CTE's Enterprise Risk Management framework provides
an enhanced capability for enterprises to:
Align Risk Appetite and Strategy:
Risk appetite is the degree of risk, on a broad-based
level, that a company or other entity is willing
to accept in pursuit of its goals. Management
considers the entity’s risk appetite first
in evaluating strategic alternatives, then in
setting objectives aligned with the selected strategy,
and in developing mechanisms to manage the related
risks.
Link Growth, Risk, and Return:
Entities accept risk as a part of value creation
and preservation, and they expect return commensurate
with the risk. Enterprise Risk Management provides
an enhanced ability to identify and assess risks,
and establish acceptable levels of risk relative
to growth and return objectives.
Enhance Risk Response Decisions:
Enterprise Risk Management provides the rigor
to identify and select among alternative risk
responses: risk avoidance, reduction, sharing,
and acceptance.
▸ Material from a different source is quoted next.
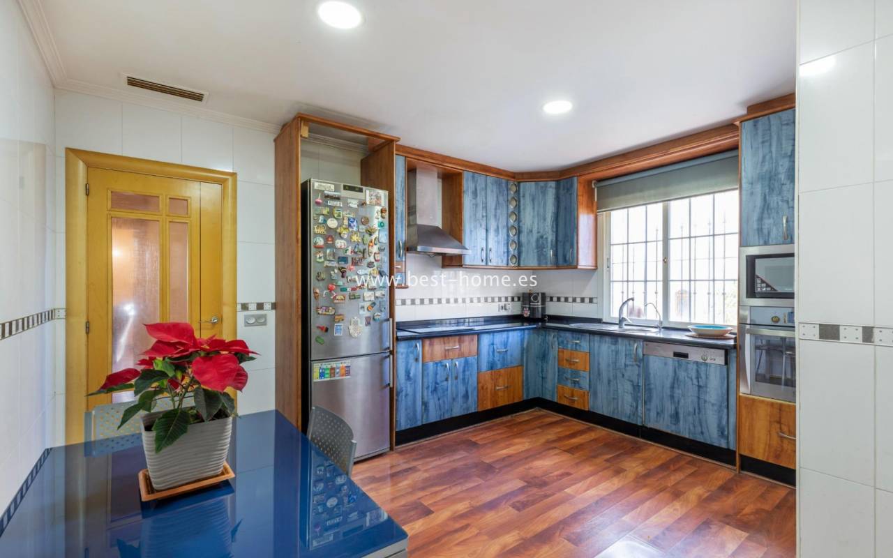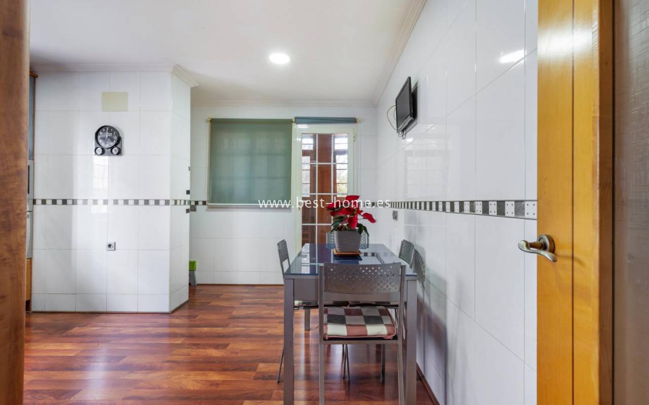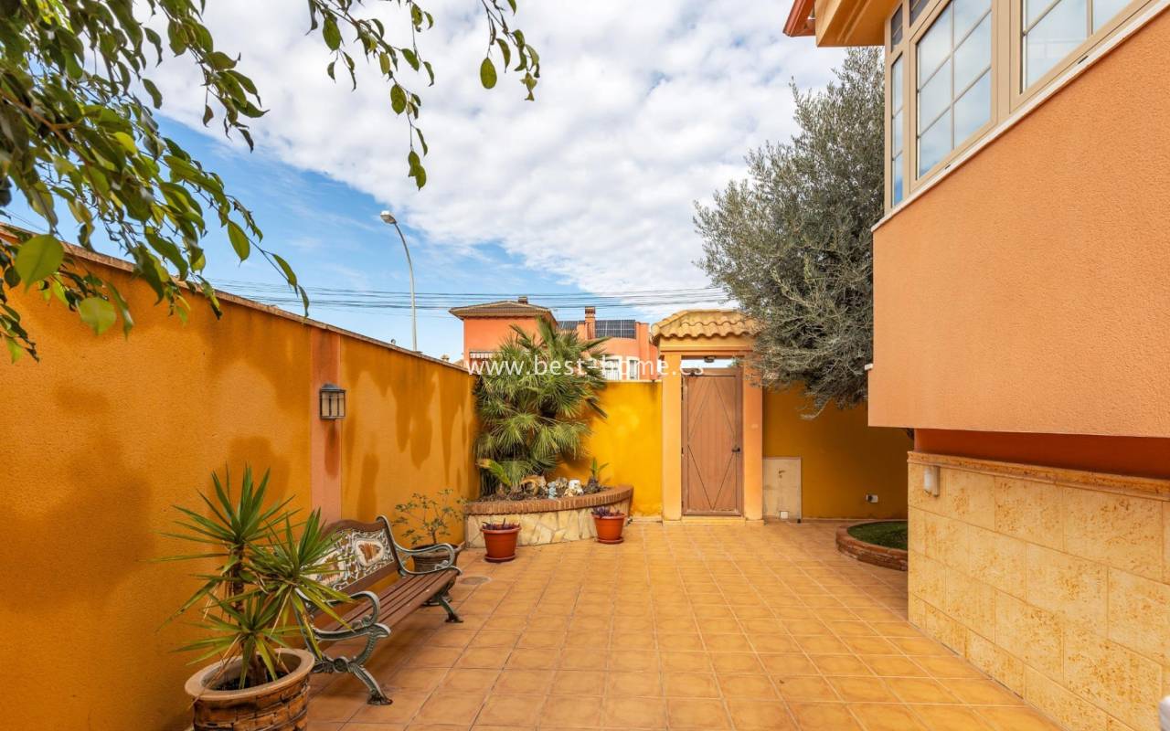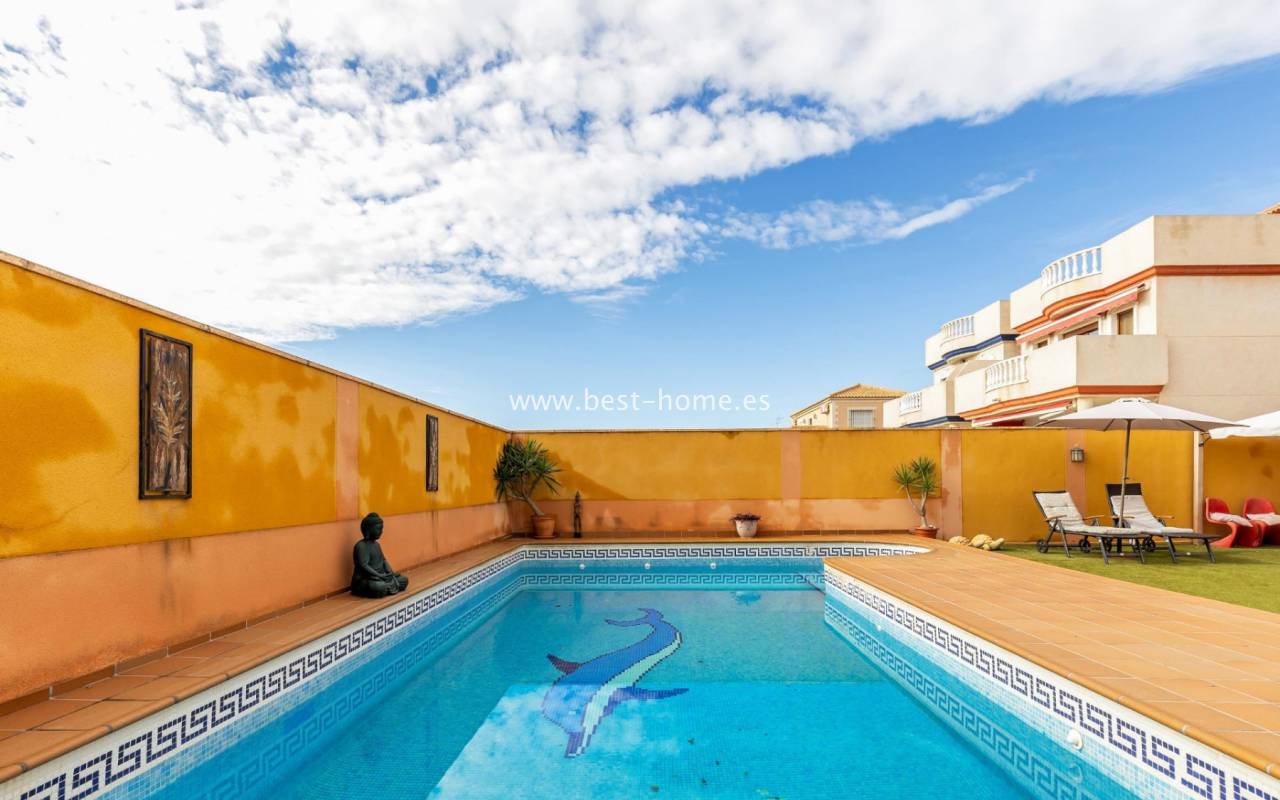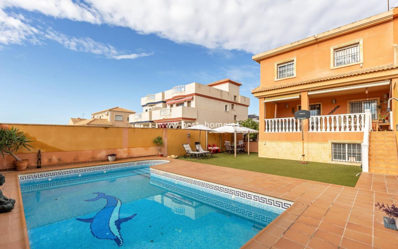 This charming semi-detached house boasts a 433 m² plot and a private pool in the tranquil Aguas Nevas development in Torrevieja. On the ground floor, you'll find a bright, sunny living room, a fully equipped kitchen, a first bedroom converted into an office, and a bathroom. The basement houses three double bedrooms and a second bathroom. Additionally, the property boasts a garage for 3-4 cars, a children's playground, a large private swimming pool, and a brick barbecue with a lounge area. The apartment is furnished and equipped with air conditioning.

It also provides methodologies
and techniques for making these decisions.
Minimize Operational Surprises and Losses:
Entities have enhanced capability to identify
potential events, assess risk, and establish responses;
thereby, reducing the occurrence of surprises
and related costs or losses.
Identify and Manage Cross-enterprise
Risks: Every entity faces a myriad of
risks affecting different parts of the organization.
Management needs to not only manage individual
risks, but also understand interrelated impacts.
Provide Integrated Responses to Multiple
Risks: Business processes carry many
inherent risks, and Enterprise Risk Management
enables integrated solutions for managing those
risks.
Seize Opportunities: Management
considers potential events, rather than just risks;
and, by considering a full range of events, management
gains an understanding of how certain events represent
opportunities.
Rationalize Capital: More robust
information on an entity’s total risk allows
management to more effectively assess overall
capital needs, and improve capital allocation.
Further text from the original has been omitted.